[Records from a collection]
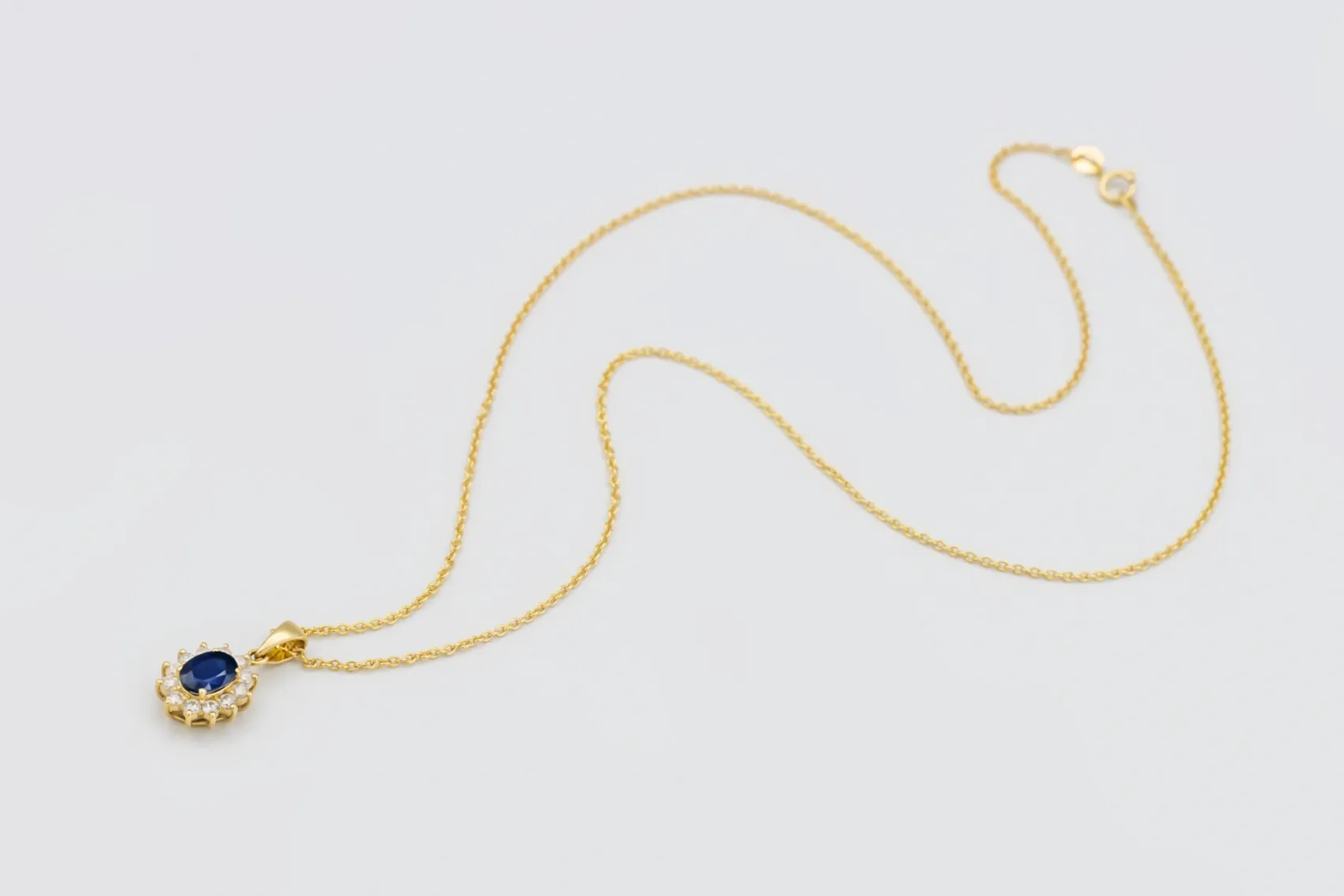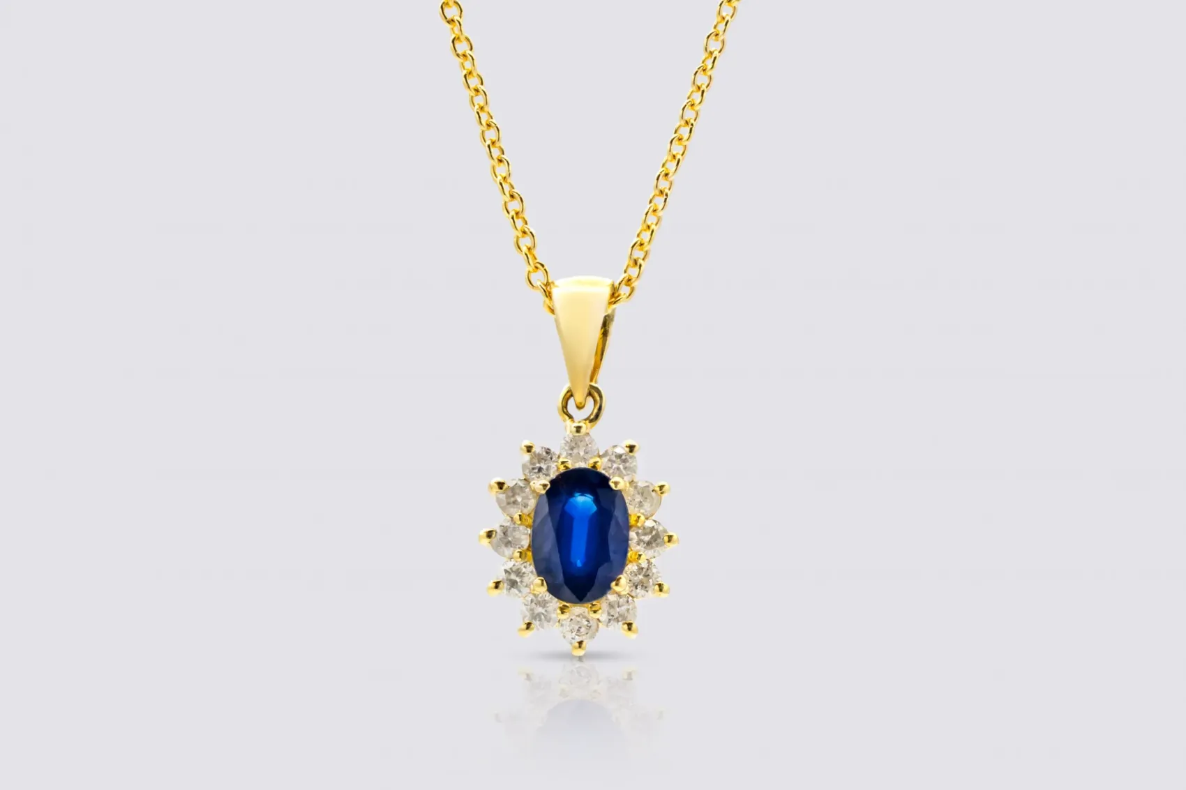 This elegant 9ct yellow gold trace necklace features a stunning natural oval-cut sapphire weighing 1.05 carats, displaying a rich, velvety blue hue that radiates timeless sophistication. Accentuating the centre stone are 0.42 carats of natural brilliant-cut diamonds, adding exceptional sparkle and contrast against the deep sapphire tones.
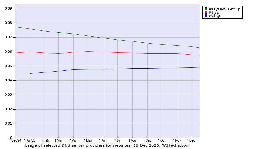 TechnologiesContent ManagementServer-side Languages Client-side Languages JavaScript Libraries CSS Frameworks Web Servers Web Panels Operating Systems Web Hosting Data Centers Reverse Proxies DNS Servers Email Servers SSL Certificate Authorities Content Delivery Traffic Analysis Tools Advertising Networks Tag Managers Social Widgets Site Elements Structured Data Markup Languages Character Encodings Image File Formats Top Level Domains Server Locations Content Languages | Technologies > DNS Servers > Technology usage comparison Comparison of the usage statistics of easyDNS Group vs. PTisp vs. webgo for websitesThis report shows the usage statistics of easyDNS Group vs. PTisp vs. webgo as DNS server provider on the web. See technologies overview for explanations on the methodologies used in the surveys. Our reports are updated daily. UsageThis diagram shows the percentages of websites using the selected technologies. How to read the diagram:
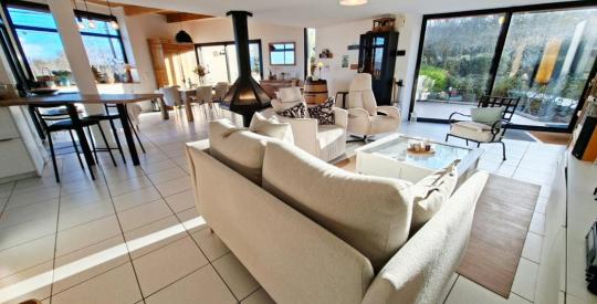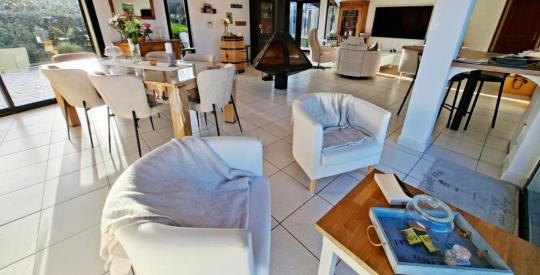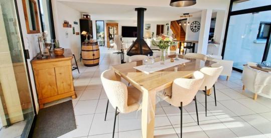 La maison est intégralement chauffée par pompe à chaleur, via un chauffage au sol, garantissant douceur, rendement et efficacité énergétique tout au long de l'année.
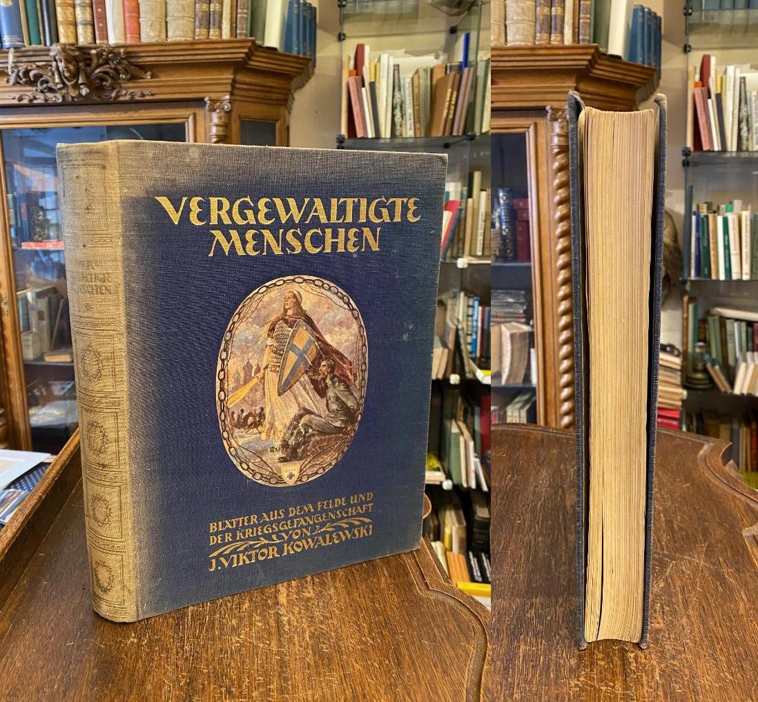 Kowalewski, J. Viktor (Hrsg): Vergewaltigte Menschen : Blätter aus dem Feld und der Kriegsgefangenschaft. Wien; München, Amon Franz Göth, 1926. 4° (31x24), (X), 336 S., mit 93 Abb. auf 44 Tafeln und 6 farb Kunstbeilagen, blauer Oln mit montiertem Deckelbild und goldPrägung, SchmuckVorsätze, Einband lichtrandig und gering angeschmutzt, geringe Lesespuren, fest und sauber,
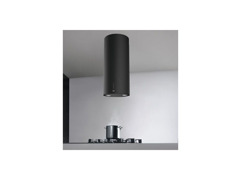 Ostrůvkový odsavač par Tube. Provedení matná černá (NCS S 9000-N). Energetická třída A. Tlačítkové ovládání. Štěrbinové odsávání. 3
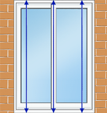 Firstly, measure the width, brickwork to brickwork, in three places (top, middle and bottom) and deduct approximately 10mm from your smallest measurement.
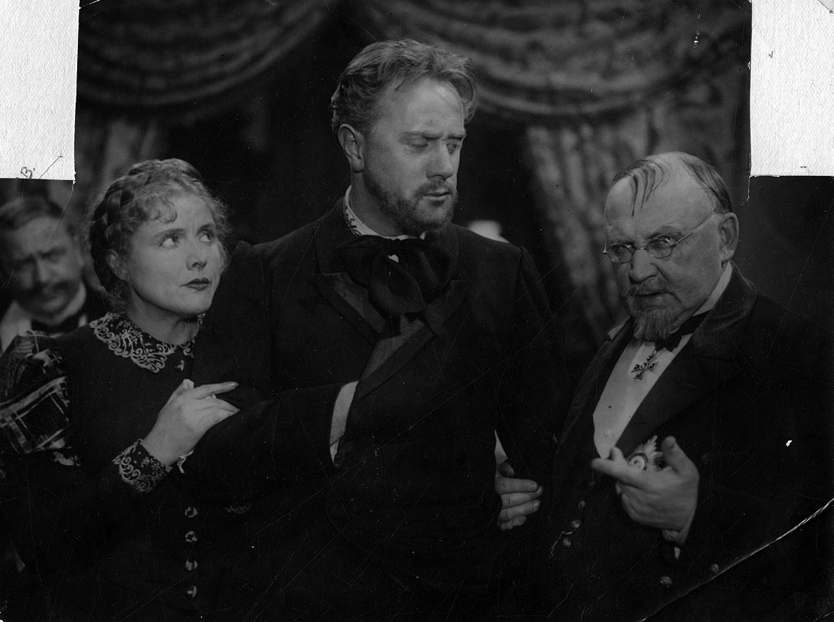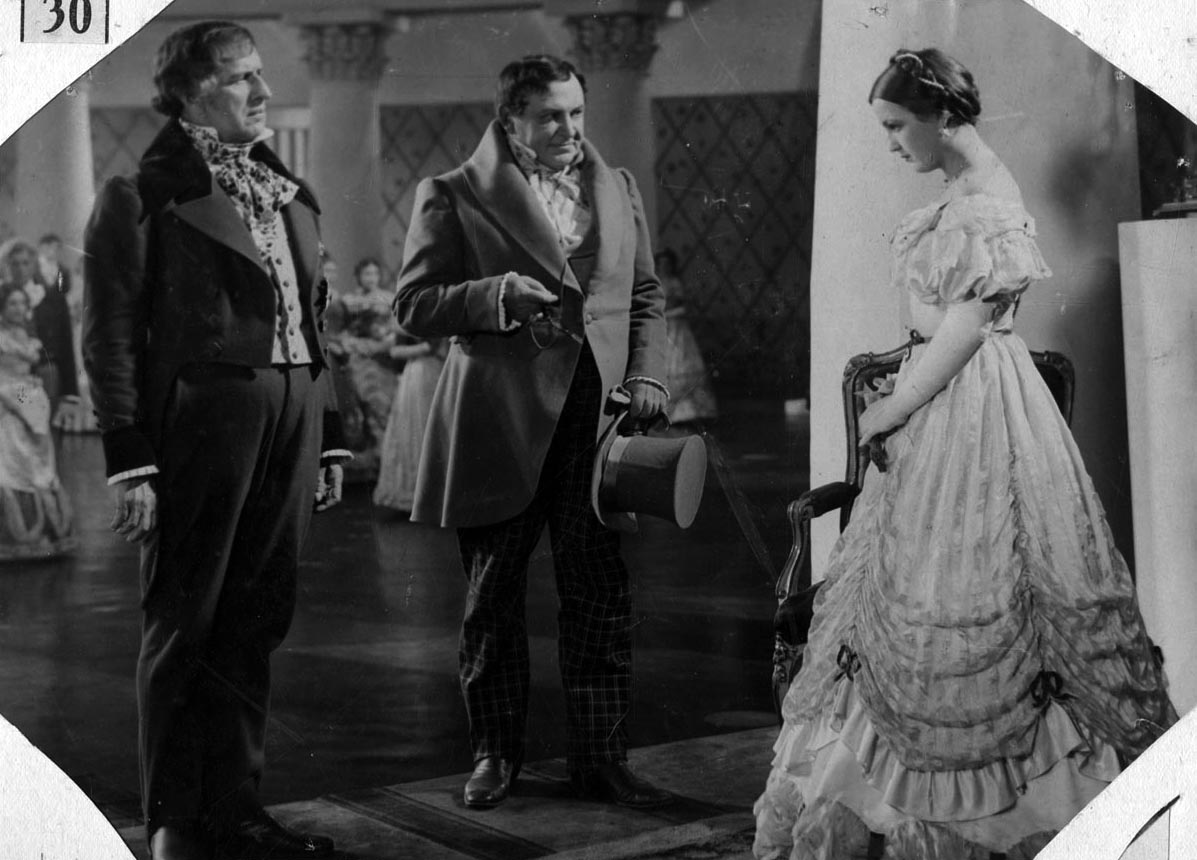 Николай Монахов в роли Троекурова, Владимир Гардин в роли князя Верейского и Галина Григорьева в роли Марьи Троекуровой в фильме «Дубровский». Реж. Александр Ивановский. 1936 @ РНБ. Ф. 173. Оп. 2. Д. 33. Л. 170
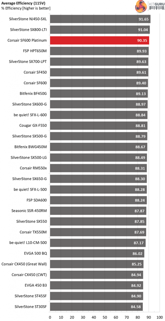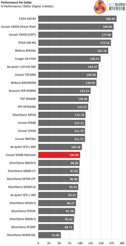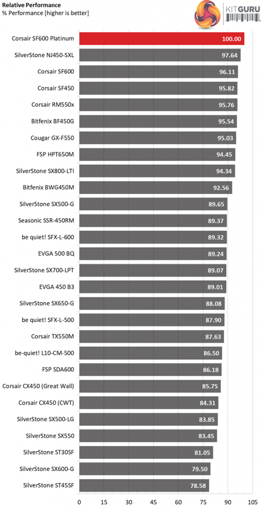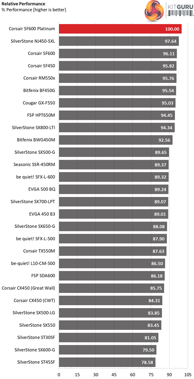 The following graph shows the total performance rating of the SF600 Platinum, comparing it to other units we have tested. To be more specific, the tested unit is shown as 100 percent, and every other unit's performance is shown relative to it.
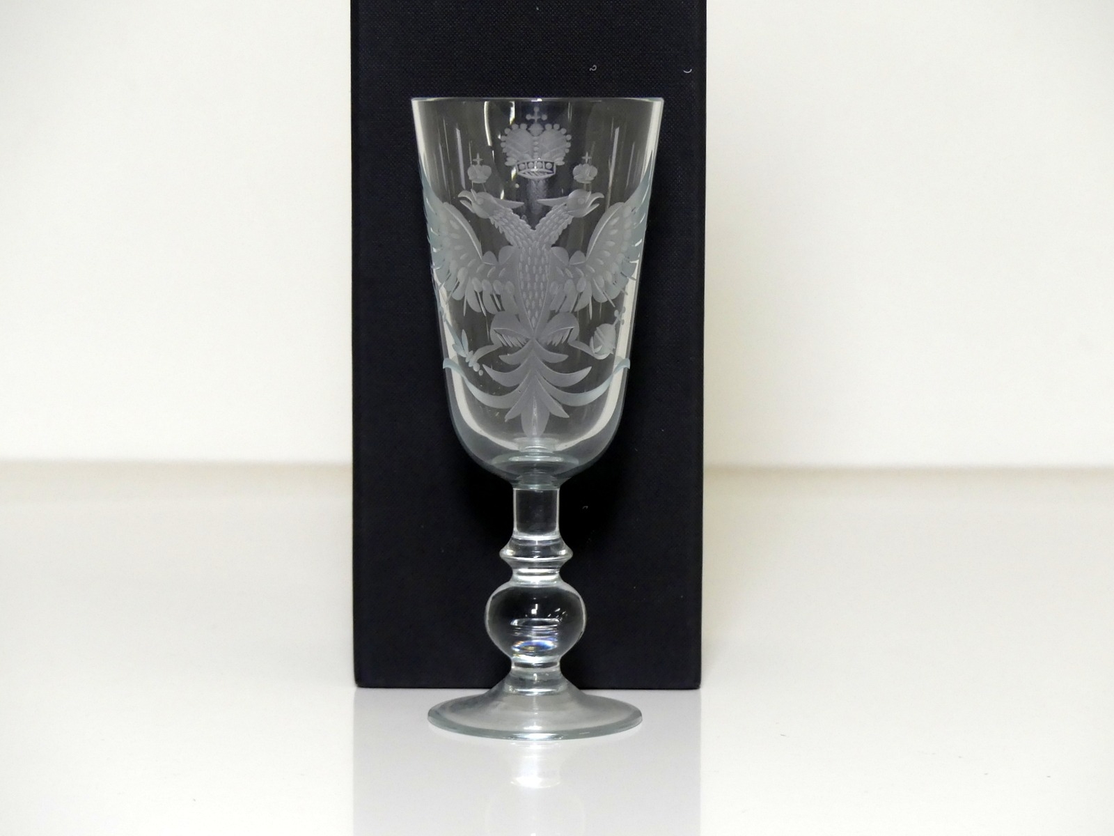 A Finely Engraved Stem Glass, Heraldic Motif and Knopped stem
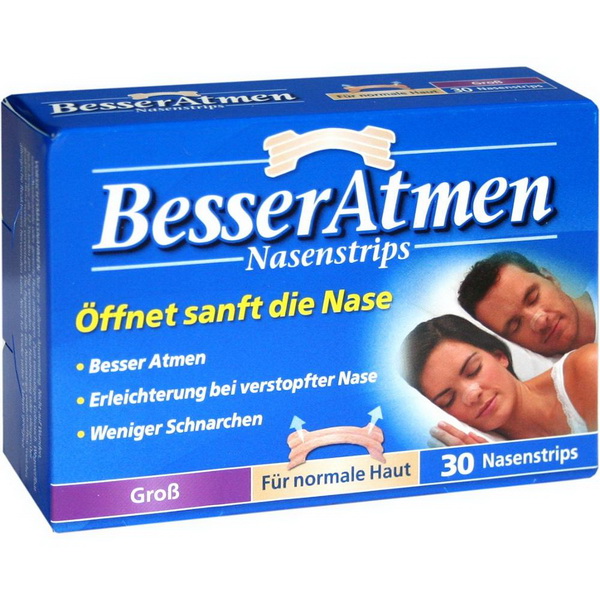 BesserAtmen Nasenstrips können sofortige Abhilfe bei Problemen mit der Nasenatmung schaffen, sie wirken rein mechanisch und sind daher frei von arzneilichen Wirkstoffen. BesserAtmen Nasenstrips öffnen sanft die Nase. Damit erleichtern sie die Nasenatmung z. B. bei Erkältungen oder Allergien und können so das Schnarchen reduzieren.
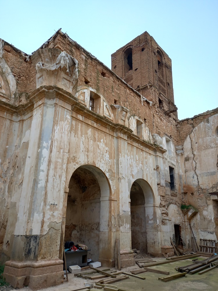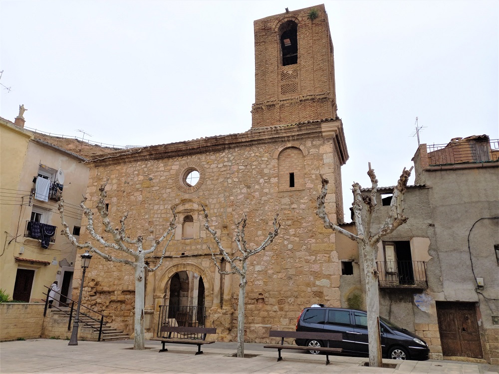 Sobre una de las esquinas de la fachada se levanta la torre campanario, de planta cuadrada, realizada en ladrillo cara vista dispuesto a tizón. Posiblemente sea una adición posterior a la construcción del templo. Originariamente tenía tres cuerpos. El inferior es ciego. Se separa del intermedio por una línea de imposta de ladrillo aplantillado. En el segundo cuerpo se abren cuatro ventanas de arco de medio punto, una a cada lado, donde se encontraban las campanas, bajo las cuales el muro se decora con dos paneles rectangulares de ladrillo, dispuesto en esquinilla. Había un tercer cuerpo de planta octogonal y chapitel lobulado, que fue retirado en 1978 por razones de seguridad.
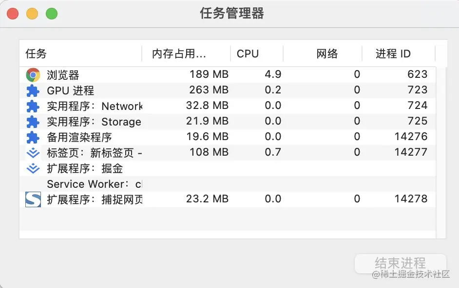 一张Chrome任务管理器的截图
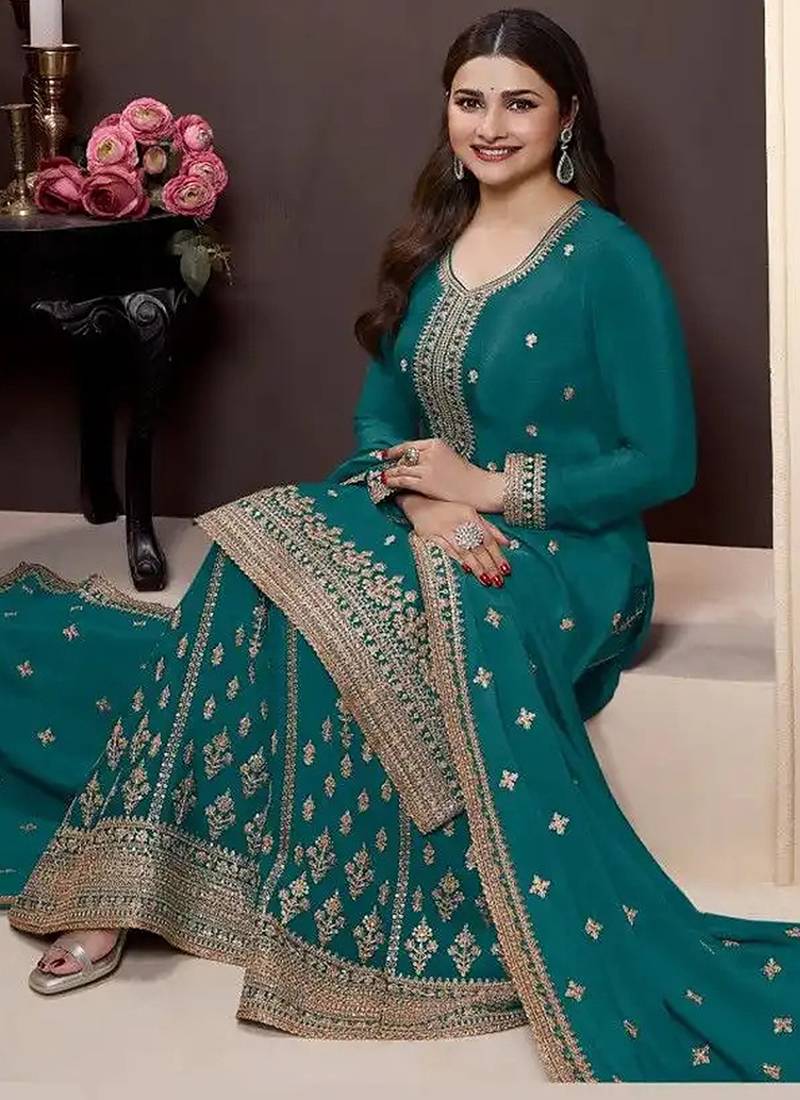 | Product Name | Teal Chinon Embroidered Salwar Suit | |
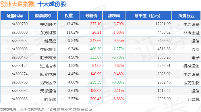 证券之星消息,9月17日,创业大盘(399293)指数报收于6360.84点,涨1.57%,成交2030.67亿元,换手率3.89%。当日该指数成份股中,上涨的有30家,长盈精密以12.44%的涨幅领涨,下跌的有20家,胜宏科技以3.78%的跌幅领跌。
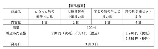 フリーズドライのお惣菜3アイテムを「丼の具」シリーズ としてパッケージリニューアル
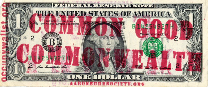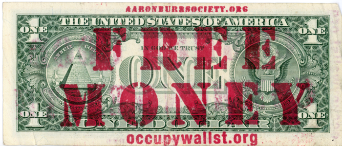 Aaron Burr Society (Jim Costanzo), Free Money Movement, Rubber Stamp on One Dollar Bill created at the time of Occupy Wall Street, 2011

| About this exercise |
Copy every record exactly; no pictures.

| Expected output |
 This elegant 9ct yellow gold trace necklace features a stunning natural oval-cut sapphire weighing 1.05 carats, displaying a rich, velvety blue hue that radiates timeless sophistication. Accentuating the centre stone are 0.42 carats of natural brilliant-cut diamonds, adding exceptional sparkle and contrast against the deep sapphire tones.
 TechnologiesContent ManagementServer-side Languages Client-side Languages JavaScript Libraries CSS Frameworks Web Servers Web Panels Operating Systems Web Hosting Data Centers Reverse Proxies DNS Servers Email Servers SSL Certificate Authorities Content Delivery Traffic Analysis Tools Advertising Networks Tag Managers Social Widgets Site Elements Structured Data Markup Languages Character Encodings Image File Formats Top Level Domains Server Locations Content Languages | Technologies > DNS Servers > Technology usage comparison Comparison of the usage statistics of easyDNS Group vs. PTisp vs. webgo for websitesThis report shows the usage statistics of easyDNS Group vs. PTisp vs. webgo as DNS server provider on the web. See technologies overview for explanations on the methodologies used in the surveys. Our reports are updated daily. UsageThis diagram shows the percentages of websites using the selected technologies. How to read the diagram:
 La maison est intégralement chauffée par pompe à chaleur, via un chauffage au sol, garantissant douceur, rendement et efficacité énergétique tout au long de l'année.
 Kowalewski, J. Viktor (Hrsg): Vergewaltigte Menschen : Blätter aus dem Feld und der Kriegsgefangenschaft. Wien; München, Amon Franz Göth, 1926. 4° (31x24), (X), 336 S., mit 93 Abb. auf 44 Tafeln und 6 farb Kunstbeilagen, blauer Oln mit montiertem Deckelbild und goldPrägung, SchmuckVorsätze, Einband lichtrandig und gering angeschmutzt, geringe Lesespuren, fest und sauber,
 Ostrůvkový odsavač par Tube. Provedení matná černá (NCS S 9000-N). Energetická třída A. Tlačítkové ovládání. Štěrbinové odsávání. 3
 Firstly, measure the width, brickwork to brickwork, in three places (top, middle and bottom) and deduct approximately 10mm from your smallest measurement.
 Николай Монахов в роли Троекурова, Владимир Гардин в роли князя Верейского и Галина Григорьева в роли Марьи Троекуровой в фильме «Дубровский». Реж. Александр Ивановский. 1936 @ РНБ. Ф. 173. Оп. 2. Д. 33. Л. 170
 The following graph shows the total performance rating of the SF600 Platinum, comparing it to other units we have tested. To be more specific, the tested unit is shown as 100 percent, and every other unit's performance is shown relative to it.
 A Finely Engraved Stem Glass, Heraldic Motif and Knopped stem
 BesserAtmen Nasenstrips können sofortige Abhilfe bei Problemen mit der Nasenatmung schaffen, sie wirken rein mechanisch und sind daher frei von arzneilichen Wirkstoffen. BesserAtmen Nasenstrips öffnen sanft die Nase. Damit erleichtern sie die Nasenatmung z. B. bei Erkältungen oder Allergien und können so das Schnarchen reduzieren.
 Sobre una de las esquinas de la fachada se levanta la torre campanario, de planta cuadrada, realizada en ladrillo cara vista dispuesto a tizón. Posiblemente sea una adición posterior a la construcción del templo. Originariamente tenía tres cuerpos. El inferior es ciego. Se separa del intermedio por una línea de imposta de ladrillo aplantillado. En el segundo cuerpo se abren cuatro ventanas de arco de medio punto, una a cada lado, donde se encontraban las campanas, bajo las cuales el muro se decora con dos paneles rectangulares de ladrillo, dispuesto en esquinilla. Había un tercer cuerpo de planta octogonal y chapitel lobulado, que fue retirado en 1978 por razones de seguridad.
 一张Chrome任务管理器的截图
 | Product Name | Teal Chinon Embroidered Salwar Suit | |
 证券之星消息,9月17日,创业大盘(399293)指数报收于6360.84点,涨1.57%,成交2030.67亿元,换手率3.89%。当日该指数成份股中,上涨的有30家,长盈精密以12.44%的涨幅领涨,下跌的有20家,胜宏科技以3.78%的跌幅领跌。
 フリーズドライのお惣菜3アイテムを「丼の具」シリーズ としてパッケージリニューアル
 Aaron Burr Society (Jim Costanzo), Free Money Movement, Rubber Stamp on One Dollar Bill created at the time of Occupy Wall Street, 2011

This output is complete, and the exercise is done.